- **AIM OF THE TASK**: All lines before the one containing "Chiều 3/3, Đoàn", plus that line itself, are to be printed exactly as they appear below.

- **EXTRACTED RECORDS**:
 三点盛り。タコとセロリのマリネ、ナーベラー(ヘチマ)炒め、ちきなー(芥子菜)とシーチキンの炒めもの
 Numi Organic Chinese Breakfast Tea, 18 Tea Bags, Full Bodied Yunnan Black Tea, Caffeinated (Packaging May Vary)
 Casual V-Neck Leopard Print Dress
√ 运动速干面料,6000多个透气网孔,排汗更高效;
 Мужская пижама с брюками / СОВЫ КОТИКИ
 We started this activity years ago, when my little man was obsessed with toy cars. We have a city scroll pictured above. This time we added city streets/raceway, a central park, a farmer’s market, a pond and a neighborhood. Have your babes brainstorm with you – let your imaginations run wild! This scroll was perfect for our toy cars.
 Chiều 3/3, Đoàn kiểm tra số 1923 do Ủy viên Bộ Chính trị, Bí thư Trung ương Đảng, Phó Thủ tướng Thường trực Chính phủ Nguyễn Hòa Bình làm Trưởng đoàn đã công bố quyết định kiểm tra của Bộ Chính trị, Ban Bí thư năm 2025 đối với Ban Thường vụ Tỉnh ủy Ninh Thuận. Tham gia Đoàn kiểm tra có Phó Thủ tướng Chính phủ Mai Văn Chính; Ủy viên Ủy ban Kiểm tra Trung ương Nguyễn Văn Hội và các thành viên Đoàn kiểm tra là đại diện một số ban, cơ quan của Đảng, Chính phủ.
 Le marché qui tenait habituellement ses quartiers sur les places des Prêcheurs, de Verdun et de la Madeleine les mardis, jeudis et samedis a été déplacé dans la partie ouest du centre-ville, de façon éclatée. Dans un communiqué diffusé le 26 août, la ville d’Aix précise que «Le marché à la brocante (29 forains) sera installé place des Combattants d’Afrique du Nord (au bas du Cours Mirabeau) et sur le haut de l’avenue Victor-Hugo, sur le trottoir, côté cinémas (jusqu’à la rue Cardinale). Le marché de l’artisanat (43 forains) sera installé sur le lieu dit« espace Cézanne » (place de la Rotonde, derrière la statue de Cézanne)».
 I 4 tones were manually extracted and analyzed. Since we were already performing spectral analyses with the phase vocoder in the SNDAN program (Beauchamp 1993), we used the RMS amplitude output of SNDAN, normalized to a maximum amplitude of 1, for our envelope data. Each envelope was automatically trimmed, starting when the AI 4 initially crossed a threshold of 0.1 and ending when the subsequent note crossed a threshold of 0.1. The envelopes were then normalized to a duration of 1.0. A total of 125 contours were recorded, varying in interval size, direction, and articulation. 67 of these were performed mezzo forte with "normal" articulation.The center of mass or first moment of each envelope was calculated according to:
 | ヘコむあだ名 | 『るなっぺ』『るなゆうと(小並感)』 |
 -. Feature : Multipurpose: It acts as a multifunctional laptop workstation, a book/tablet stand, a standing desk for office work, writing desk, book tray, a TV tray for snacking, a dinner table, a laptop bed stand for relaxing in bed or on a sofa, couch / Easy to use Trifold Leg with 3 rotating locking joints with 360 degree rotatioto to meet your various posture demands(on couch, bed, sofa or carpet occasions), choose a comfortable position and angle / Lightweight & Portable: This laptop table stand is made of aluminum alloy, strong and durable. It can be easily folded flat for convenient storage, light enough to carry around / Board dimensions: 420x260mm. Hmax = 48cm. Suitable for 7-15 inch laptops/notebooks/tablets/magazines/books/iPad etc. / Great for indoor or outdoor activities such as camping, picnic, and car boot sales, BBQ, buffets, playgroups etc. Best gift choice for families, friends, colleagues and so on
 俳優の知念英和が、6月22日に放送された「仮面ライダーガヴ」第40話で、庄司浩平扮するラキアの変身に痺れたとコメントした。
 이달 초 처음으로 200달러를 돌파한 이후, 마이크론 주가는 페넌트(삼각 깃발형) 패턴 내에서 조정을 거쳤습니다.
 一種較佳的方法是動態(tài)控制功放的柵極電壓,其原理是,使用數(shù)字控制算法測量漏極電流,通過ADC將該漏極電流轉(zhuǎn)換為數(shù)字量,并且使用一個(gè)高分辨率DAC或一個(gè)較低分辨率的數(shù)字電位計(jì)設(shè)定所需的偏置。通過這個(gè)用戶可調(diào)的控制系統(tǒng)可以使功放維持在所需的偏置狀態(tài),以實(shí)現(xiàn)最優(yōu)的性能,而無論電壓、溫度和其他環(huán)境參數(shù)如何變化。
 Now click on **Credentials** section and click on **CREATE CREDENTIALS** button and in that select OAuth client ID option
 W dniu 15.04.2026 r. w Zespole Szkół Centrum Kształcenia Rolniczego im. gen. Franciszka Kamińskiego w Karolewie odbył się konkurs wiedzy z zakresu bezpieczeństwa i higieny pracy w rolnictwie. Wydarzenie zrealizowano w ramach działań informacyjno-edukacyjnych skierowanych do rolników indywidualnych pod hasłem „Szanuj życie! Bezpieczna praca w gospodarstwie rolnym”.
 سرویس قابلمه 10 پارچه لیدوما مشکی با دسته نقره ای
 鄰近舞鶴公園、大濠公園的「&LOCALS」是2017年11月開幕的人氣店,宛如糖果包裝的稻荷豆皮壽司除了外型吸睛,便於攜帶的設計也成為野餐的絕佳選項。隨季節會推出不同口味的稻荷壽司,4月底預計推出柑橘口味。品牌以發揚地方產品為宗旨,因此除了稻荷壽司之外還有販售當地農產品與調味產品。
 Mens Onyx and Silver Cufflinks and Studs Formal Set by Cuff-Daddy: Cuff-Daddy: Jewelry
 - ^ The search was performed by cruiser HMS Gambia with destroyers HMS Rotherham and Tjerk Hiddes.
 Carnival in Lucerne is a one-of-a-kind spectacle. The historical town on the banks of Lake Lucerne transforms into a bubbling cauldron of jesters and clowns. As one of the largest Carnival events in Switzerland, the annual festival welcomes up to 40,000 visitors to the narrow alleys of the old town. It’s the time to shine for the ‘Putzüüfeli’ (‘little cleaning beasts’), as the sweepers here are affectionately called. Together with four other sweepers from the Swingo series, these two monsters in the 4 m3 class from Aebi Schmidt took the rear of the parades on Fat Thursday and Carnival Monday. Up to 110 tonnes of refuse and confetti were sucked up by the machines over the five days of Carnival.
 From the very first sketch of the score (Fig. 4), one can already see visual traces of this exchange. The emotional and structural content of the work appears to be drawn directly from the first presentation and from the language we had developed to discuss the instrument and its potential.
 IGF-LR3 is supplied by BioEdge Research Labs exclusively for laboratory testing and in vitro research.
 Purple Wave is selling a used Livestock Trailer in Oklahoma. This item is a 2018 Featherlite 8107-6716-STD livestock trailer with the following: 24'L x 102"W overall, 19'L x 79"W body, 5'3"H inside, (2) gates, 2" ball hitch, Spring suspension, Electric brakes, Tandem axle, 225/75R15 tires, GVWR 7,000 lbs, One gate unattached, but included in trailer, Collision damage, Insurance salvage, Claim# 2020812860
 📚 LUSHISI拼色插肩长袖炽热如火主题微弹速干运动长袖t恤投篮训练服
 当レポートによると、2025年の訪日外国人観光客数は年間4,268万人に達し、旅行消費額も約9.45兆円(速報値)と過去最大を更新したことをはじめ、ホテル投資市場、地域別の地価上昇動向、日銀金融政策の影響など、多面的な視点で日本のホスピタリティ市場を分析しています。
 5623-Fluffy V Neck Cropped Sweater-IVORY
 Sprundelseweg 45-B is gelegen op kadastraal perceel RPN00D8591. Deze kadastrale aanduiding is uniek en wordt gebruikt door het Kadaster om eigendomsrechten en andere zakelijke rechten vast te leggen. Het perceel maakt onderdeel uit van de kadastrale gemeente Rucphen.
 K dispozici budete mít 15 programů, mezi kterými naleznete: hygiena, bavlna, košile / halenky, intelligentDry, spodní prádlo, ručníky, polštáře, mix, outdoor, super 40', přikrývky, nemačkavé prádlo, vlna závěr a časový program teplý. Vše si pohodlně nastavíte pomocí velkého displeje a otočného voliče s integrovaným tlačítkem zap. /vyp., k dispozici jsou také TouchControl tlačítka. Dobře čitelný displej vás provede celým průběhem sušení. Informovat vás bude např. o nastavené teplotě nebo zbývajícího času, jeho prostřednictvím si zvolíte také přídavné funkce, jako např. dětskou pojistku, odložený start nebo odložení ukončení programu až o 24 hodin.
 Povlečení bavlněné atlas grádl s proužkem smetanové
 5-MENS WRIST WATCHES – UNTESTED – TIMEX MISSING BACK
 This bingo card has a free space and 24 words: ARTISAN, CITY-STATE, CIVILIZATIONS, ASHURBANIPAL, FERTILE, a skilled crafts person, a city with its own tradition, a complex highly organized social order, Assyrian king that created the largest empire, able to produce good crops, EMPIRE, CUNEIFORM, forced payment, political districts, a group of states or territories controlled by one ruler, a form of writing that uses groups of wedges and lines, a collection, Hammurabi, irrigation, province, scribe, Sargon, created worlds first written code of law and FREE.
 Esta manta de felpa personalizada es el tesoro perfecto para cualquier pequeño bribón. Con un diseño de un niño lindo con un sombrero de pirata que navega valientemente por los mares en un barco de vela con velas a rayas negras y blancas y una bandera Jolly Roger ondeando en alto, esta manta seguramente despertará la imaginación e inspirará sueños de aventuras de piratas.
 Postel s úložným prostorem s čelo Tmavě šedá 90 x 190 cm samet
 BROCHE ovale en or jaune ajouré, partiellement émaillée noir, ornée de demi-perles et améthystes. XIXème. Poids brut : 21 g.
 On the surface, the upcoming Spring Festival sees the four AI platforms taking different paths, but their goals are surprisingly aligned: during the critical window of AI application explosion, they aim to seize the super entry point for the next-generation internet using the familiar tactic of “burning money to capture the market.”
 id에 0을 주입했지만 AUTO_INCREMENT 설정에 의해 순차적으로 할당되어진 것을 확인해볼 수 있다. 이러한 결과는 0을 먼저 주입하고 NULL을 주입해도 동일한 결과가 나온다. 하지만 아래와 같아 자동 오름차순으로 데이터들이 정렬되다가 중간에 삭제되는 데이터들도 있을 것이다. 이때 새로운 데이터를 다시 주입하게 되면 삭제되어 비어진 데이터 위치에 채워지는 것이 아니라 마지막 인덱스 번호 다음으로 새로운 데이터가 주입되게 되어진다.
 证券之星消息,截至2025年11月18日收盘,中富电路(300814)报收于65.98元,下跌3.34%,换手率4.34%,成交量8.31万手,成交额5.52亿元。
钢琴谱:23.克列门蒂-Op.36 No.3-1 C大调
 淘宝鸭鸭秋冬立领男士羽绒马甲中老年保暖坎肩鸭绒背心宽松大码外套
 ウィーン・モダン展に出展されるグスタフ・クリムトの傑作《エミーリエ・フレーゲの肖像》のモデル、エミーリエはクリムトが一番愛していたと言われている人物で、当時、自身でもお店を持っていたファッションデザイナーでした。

- **WRITTEN ANSWER**:
 三点盛り。タコとセロリのマリネ、ナーベラー(ヘチマ)炒め、ちきなー(芥子菜)とシーチキンの炒めもの
 Numi Organic Chinese Breakfast Tea, 18 Tea Bags, Full Bodied Yunnan Black Tea, Caffeinated (Packaging May Vary)
 Casual V-Neck Leopard Print Dress
√ 运动速干面料,6000多个透气网孔,排汗更高效;
 Мужская пижама с брюками / СОВЫ КОТИКИ
 We started this activity years ago, when my little man was obsessed with toy cars. We have a city scroll pictured above. This time we added city streets/raceway, a central park, a farmer’s market, a pond and a neighborhood. Have your babes brainstorm with you – let your imaginations run wild! This scroll was perfect for our toy cars.
 Chiều 3/3, Đoàn kiểm tra số 1923 do Ủy viên Bộ Chính trị, Bí thư Trung ương Đảng, Phó Thủ tướng Thường trực Chính phủ Nguyễn Hòa Bình làm Trưởng đoàn đã công bố quyết định kiểm tra của Bộ Chính trị, Ban Bí thư năm 2025 đối với Ban Thường vụ Tỉnh ủy Ninh Thuận. Tham gia Đoàn kiểm tra có Phó Thủ tướng Chính phủ Mai Văn Chính; Ủy viên Ủy ban Kiểm tra Trung ương Nguyễn Văn Hội và các thành viên Đoàn kiểm tra là đại diện một số ban, cơ quan của Đảng, Chính phủ.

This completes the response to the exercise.